_WORK REQUEST:_ The answer must be an exact reproduction of the lines from the start of the records below through the line containing "Papel de parede", and nothing more.
-- -- --
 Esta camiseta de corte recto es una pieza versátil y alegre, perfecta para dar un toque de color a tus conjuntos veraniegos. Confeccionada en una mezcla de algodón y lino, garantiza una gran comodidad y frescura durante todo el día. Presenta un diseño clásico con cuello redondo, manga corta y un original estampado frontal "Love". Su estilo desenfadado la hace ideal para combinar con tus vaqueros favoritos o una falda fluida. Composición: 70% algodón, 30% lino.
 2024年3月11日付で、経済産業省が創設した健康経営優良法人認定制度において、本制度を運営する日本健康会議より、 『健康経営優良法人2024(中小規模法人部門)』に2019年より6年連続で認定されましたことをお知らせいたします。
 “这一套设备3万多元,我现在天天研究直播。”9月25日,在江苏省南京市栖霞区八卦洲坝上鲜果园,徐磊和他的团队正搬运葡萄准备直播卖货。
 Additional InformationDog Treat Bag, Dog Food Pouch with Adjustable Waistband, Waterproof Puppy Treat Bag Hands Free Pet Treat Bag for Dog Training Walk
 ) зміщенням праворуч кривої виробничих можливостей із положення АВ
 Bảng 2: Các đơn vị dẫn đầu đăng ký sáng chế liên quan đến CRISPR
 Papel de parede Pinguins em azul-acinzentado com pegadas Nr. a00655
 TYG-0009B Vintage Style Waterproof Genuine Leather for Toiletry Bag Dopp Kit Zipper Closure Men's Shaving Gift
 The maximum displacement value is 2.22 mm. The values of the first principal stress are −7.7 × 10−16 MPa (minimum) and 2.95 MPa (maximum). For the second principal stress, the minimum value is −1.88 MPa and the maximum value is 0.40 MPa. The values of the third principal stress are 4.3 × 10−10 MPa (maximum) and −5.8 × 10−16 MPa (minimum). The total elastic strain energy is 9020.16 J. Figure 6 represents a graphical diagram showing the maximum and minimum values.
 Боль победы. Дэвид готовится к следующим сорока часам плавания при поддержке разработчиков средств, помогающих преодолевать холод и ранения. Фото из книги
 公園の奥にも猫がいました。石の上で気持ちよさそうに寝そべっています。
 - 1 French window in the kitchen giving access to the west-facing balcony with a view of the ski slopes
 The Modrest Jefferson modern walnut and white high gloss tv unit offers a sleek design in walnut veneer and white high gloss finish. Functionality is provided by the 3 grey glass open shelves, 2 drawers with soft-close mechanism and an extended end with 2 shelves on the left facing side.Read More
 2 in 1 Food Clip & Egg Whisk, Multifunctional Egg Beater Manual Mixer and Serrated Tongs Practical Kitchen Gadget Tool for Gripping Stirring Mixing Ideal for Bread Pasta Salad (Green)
-- -- --
_ANSWER FOR THE TASK:_
 Esta camiseta de corte recto es una pieza versátil y alegre, perfecta para dar un toque de color a tus conjuntos veraniegos. Confeccionada en una mezcla de algodón y lino, garantiza una gran comodidad y frescura durante todo el día. Presenta un diseño clásico con cuello redondo, manga corta y un original estampado frontal "Love". Su estilo desenfadado la hace ideal para combinar con tus vaqueros favoritos o una falda fluida. Composición: 70% algodón, 30% lino.
 2024年3月11日付で、経済産業省が創設した健康経営優良法人認定制度において、本制度を運営する日本健康会議より、 『健康経営優良法人2024(中小規模法人部門)』に2019年より6年連続で認定されましたことをお知らせいたします。
 “这一套设备3万多元,我现在天天研究直播。”9月25日,在江苏省南京市栖霞区八卦洲坝上鲜果园,徐磊和他的团队正搬运葡萄准备直播卖货。
 Additional InformationDog Treat Bag, Dog Food Pouch with Adjustable Waistband, Waterproof Puppy Treat Bag Hands Free Pet Treat Bag for Dog Training Walk
 ) зміщенням праворуч кривої виробничих можливостей із положення АВ
 Bảng 2: Các đơn vị dẫn đầu đăng ký sáng chế liên quan đến CRISPR
 Papel de parede Pinguins em azul-acinzentado com pegadas Nr. a00655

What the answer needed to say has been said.